● EXERCISE PROMPT
Leave out the images and return all the data word for word.

● DATA EXCERPT
■ ■ ■ ■ ■

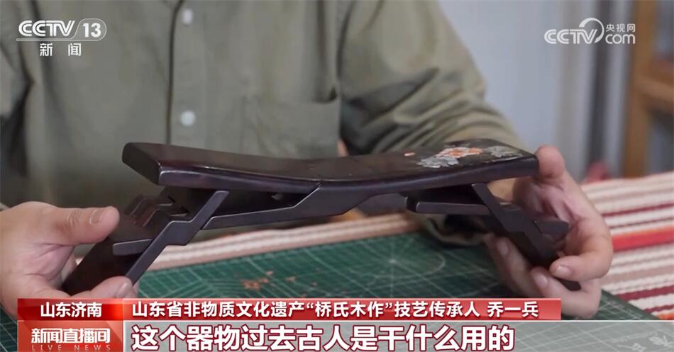山東省非物質(zhì)文化遺產(chǎn)“橋氏木作”技藝傳承人喬一兵介紹:“它本身是一整塊木頭六個(gè)面,通過(guò)鋸和鑿形成一個(gè)器物。這個(gè)器物過(guò)去古人是干什么用的?當(dāng)枕頭用的,也可以當(dāng)?shù)首佑茫畲蟮奶攸c(diǎn)是可以折疊,攜帶非常方便,傳說(shuō)是魯班發(fā)明的。和眾多的優(yōu)秀的傳統(tǒng)技藝一樣,它深層次代表的是中國(guó)的一些思想、一些哲學(xué)、一些文化在里邊,魯班枕的核心是平衡和和諧,我覺(jué)得我很有必要把它傳承下來(lái),發(fā)揚(yáng)光大。”
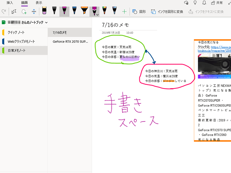 - ページを整理:セクションとノートブックを使用して、メモを効率的に整理します。
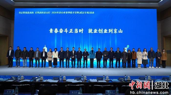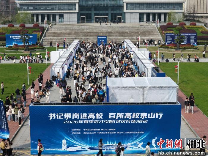 中新网湖北新闻3月30日电(李鹏飞)3月27日,京山市“书记带岗进高校”“百所高校京山行”2026年春季招才引智(武汉专场)活动在湖北工业大学举行。来自华中农业大学、华中师范大学等23所高校的师生代表齐聚一堂,共赴一场人才与城市的“双向奔赴”。
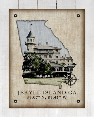 Jekyll Island Georgia Vintage Design (Hotel) Board Mounted Canvas Print

■ ■ ■ ■ ■

● FINISHED EXERCISE
山東省非物質(zhì)文化遺產(chǎn)“橋氏木作”技藝傳承人喬一兵介紹:“它本身是一整塊木頭六個(gè)面,通過(guò)鋸和鑿形成一個(gè)器物。這個(gè)器物過(guò)去古人是干什么用的?當(dāng)枕頭用的,也可以當(dāng)?shù)首佑茫畲蟮奶攸c(diǎn)是可以折疊,攜帶非常方便,傳說(shuō)是魯班發(fā)明的。和眾多的優(yōu)秀的傳統(tǒng)技藝一樣,它深層次代表的是中國(guó)的一些思想、一些哲學(xué)、一些文化在里邊,魯班枕的核心是平衡和和諧,我覺(jué)得我很有必要把它傳承下來(lái),發(fā)揚(yáng)光大。”
 - ページを整理:セクションとノートブックを使用して、メモを効率的に整理します。
 中新网湖北新闻3月30日电(李鹏飞)3月27日,京山市“书记带岗进高校”“百所高校京山行”2026年春季招才引智(武汉专场)活动在湖北工业大学举行。来自华中农业大学、华中师范大学等23所高校的师生代表齐聚一堂,共赴一场人才与城市的“双向奔赴”。
 Jekyll Island Georgia Vintage Design (Hotel) Board Mounted Canvas Print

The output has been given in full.